Work item -> When the data below is printed, every line must match exactly and the images must be absent.
*** Extracted information ***
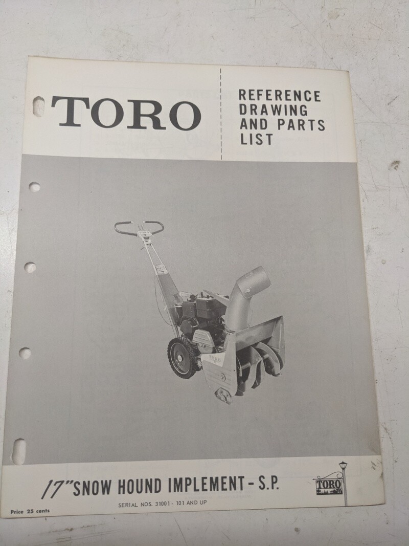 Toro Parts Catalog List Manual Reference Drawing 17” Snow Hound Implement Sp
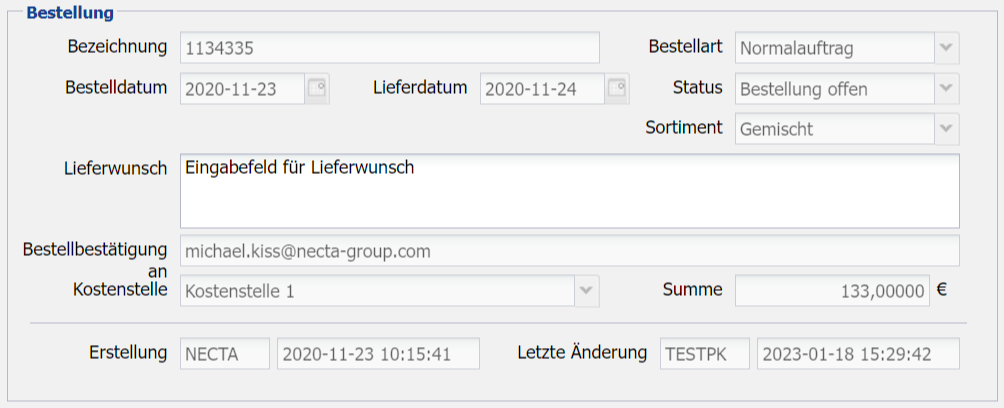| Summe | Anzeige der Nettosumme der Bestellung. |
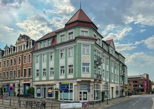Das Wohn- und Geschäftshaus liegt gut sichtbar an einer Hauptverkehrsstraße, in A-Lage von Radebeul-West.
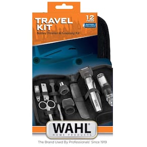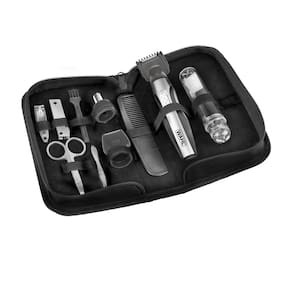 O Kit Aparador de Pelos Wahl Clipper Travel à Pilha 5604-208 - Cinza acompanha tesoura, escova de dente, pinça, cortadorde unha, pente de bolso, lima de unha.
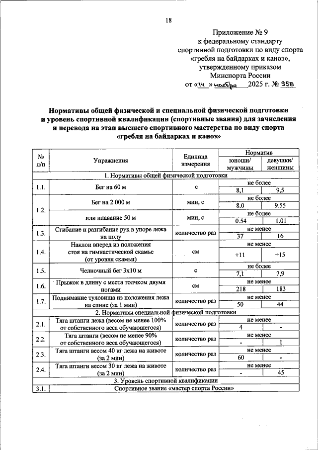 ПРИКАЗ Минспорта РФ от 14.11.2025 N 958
***
Solution below ->
 Toro Parts Catalog List Manual Reference Drawing 17” Snow Hound Implement Sp
| Summe | Anzeige der Nettosumme der Bestellung. |
Das Wohn- und Geschäftshaus liegt gut sichtbar an einer Hauptverkehrsstraße, in A-Lage von Radebeul-West.
 O Kit Aparador de Pelos Wahl Clipper Travel à Pilha 5604-208 - Cinza acompanha tesoura, escova de dente, pinça, cortadorde unha, pente de bolso, lima de unha.
 ПРИКАЗ Минспорта РФ от 14.11.2025 N 958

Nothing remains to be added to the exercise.